Opinion
No. 3D19-0601
04-08-2020
Sonnett Humes, in proper person. Rissman, Barrett, Hurt, Donahue, McLain & Mangan, P.A., and Howard L. Citron and Caroline F. Tabash (Fort Lauderdale), for appellee.
Sonnett Humes, in proper person.
Rissman, Barrett, Hurt, Donahue, McLain & Mangan, P.A., and Howard L. Citron and Caroline F. Tabash (Fort Lauderdale), for appellee.
Before SALTER, LOGUE and LOBREE, JJ.
PER CURIAM.
Sonnett Humes, pro se ("Ms. Humes") appeals an order granting a motion by the appellee, Haresh Solanki, M.D. ("Dr. Solanki"), to strike a purported notice for trial and the resulting orders setting the circuit court case for trial and referring it to mediation. Ms. Humes filed a complaint for medical malpractice against Dr. Solanki in 2017. Her three-page, pro se complaint was ultimately dismissed with prejudice in 2018. Over a year after that dismissal and the closure of the case, Ms. Humes served a notice for trial, which triggered the issuance of computer-generated standard orders setting the case for trial and referring it to mediation.
Dr. Solanki's motion to strike the improperly-filed notice for trial and subsequently-issued orders included (on page 3, paragraph 11.c) a request for the trial court to bar Ms. Humes from making any future filings. The motion was noticed for hearing on March 26, 2019. The captions on the first page of the motion to strike and the caption on the notice of hearing did not include any reference to Dr. Solanki's request for an order barring future filings by Ms. Humes.

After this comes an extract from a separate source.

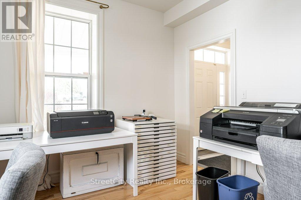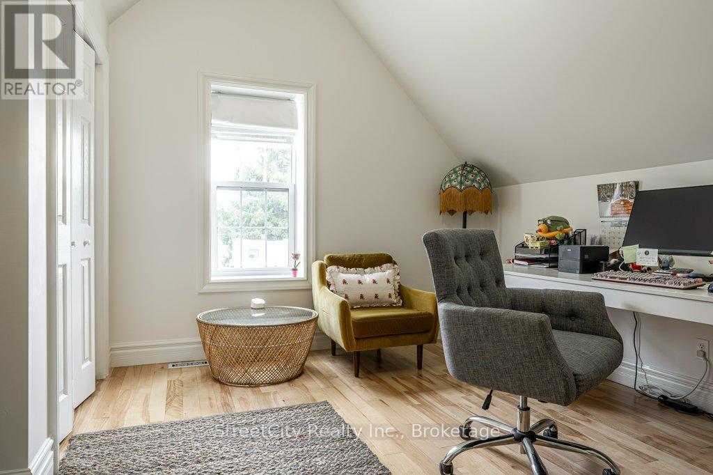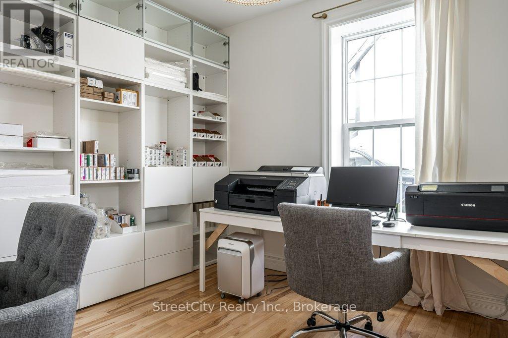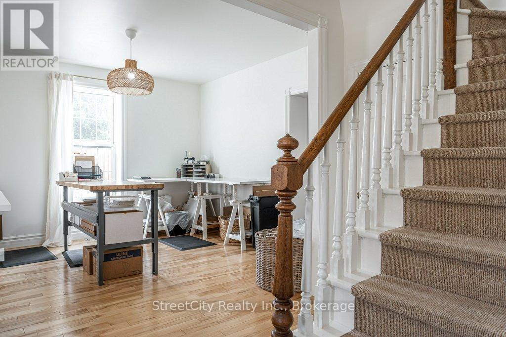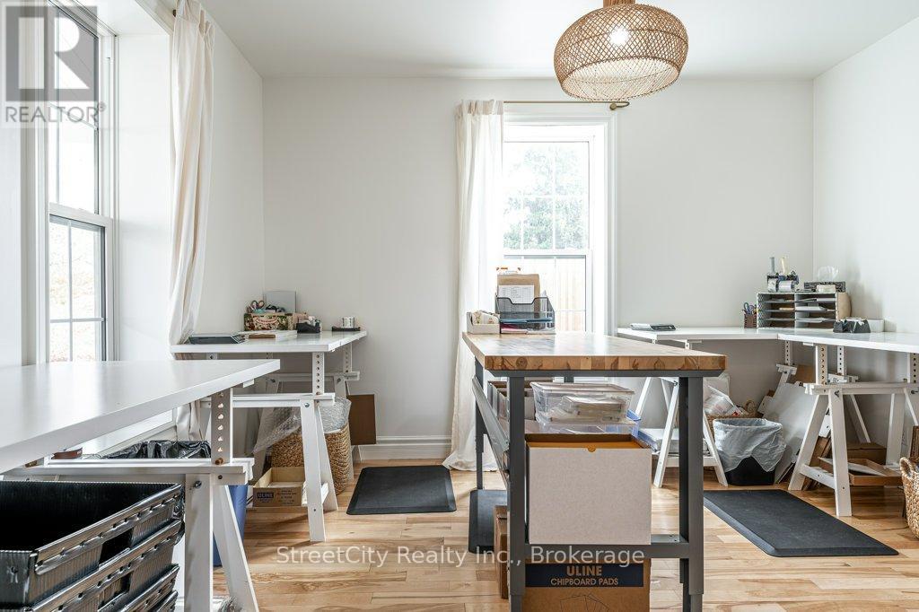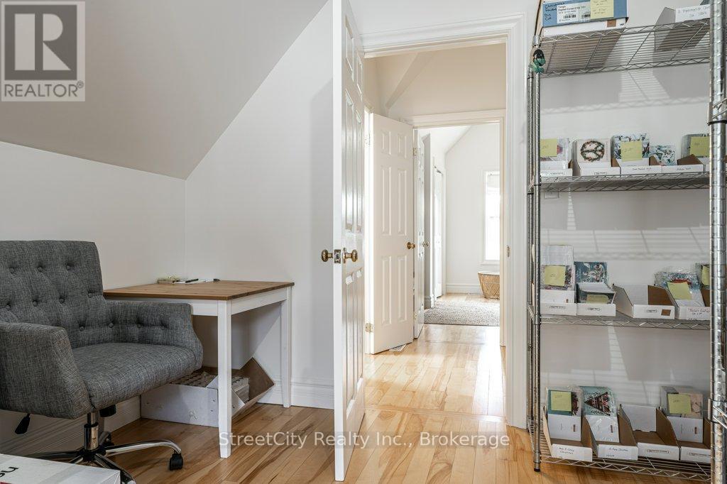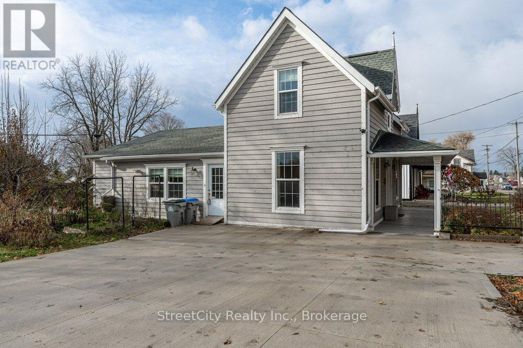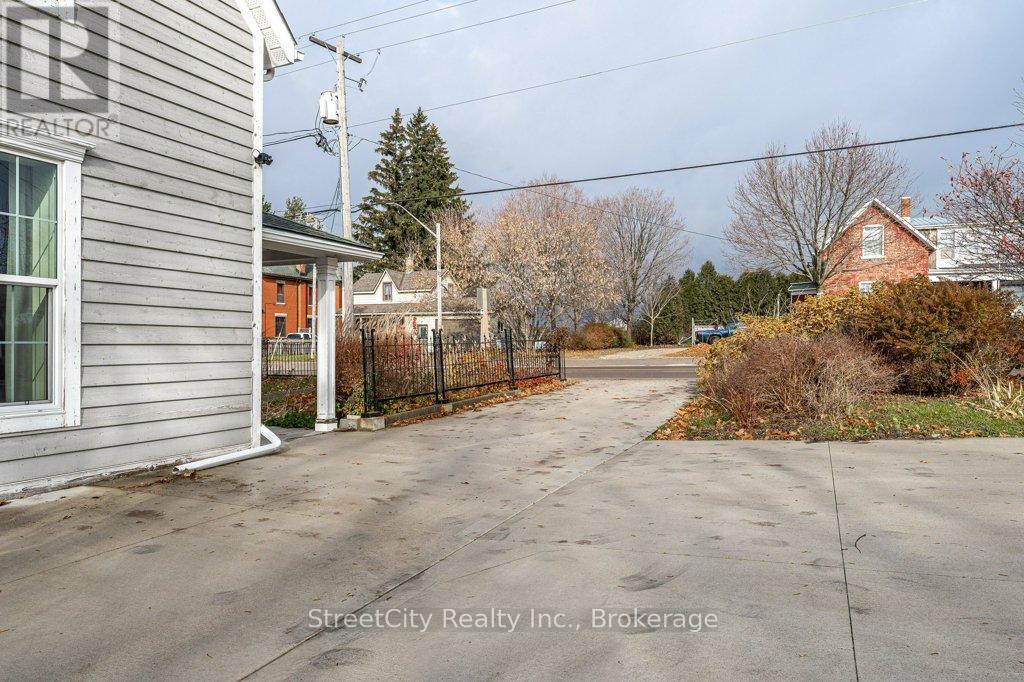 .Are you looking for a serene, updated, comfortable and casual commercial space ideally suited for professional office, service or retail? Are you looking for a gorgeous update of a classic century 1.5 storey to make your home? Or are you looking for a perfect affordable work/live space? This charming Shakespeare property checks all of the boxes. Flexible commercial zoning allows for a variety of commercial uses as well as permitted single detached residential use. Phenomenal exposure located on highway corridor between Stratford & Kitchener w/ ample parking in the newly poured concrete driveway/parking area. The interior is freshly renovated throughout w/ numerous updates including spalted maple hardwood flooring, ceramic tile, windows, furnace/AC & more. A flexible interior space offers a traditional floor plan with generous principal rooms on the main level, a large eat-in kitchen w/ island, a 3pc bath, huge mudroom, main floor laundry. The second level offers 2 large bedrooms & a 2 pc bath. The light colour palette and large windows create an airy & bright feel throughout the interior. Oodles of curb appeal w/ traditional wood siding, a welcoming covered front porch (on grade for accessibility), wrought iron fencing encapsulating mature landscaping & gardens, a fenced rear yard w/ raised vegetable gardens & several fruit trees. Ample parking on freshly poured concrete driveway/parking area. Exterior side entry access through the mudroom adds to the versatility of the mixed use potential for the property. An excellent opportunity for a Buyer looking for specific requirements for their commercial property or a Buyer who is looking for a charming, affordable home to make their own. Call for more information or to schedule a private showing. (id:51300)

After receiving the notice of hearing, Ms. Humes sent two emails to the attorney for Dr. Solanki. In the first email, Ms. Humes stated that she would not attend the noticed hearing, and she requested a rescheduled date in May. When Dr. Solanki's attorney advised her that the trial court had ordered it to be heard at the noticed date and time, Ms. Humes responded:
Bitch please ... the judge gave no order ... it's not in the system ... I'm withdrawing my motion and I'm coming for your client criminally .. him and his doctors friend.... so fuck you and what you have to say ... you not a judge ... This case is closed...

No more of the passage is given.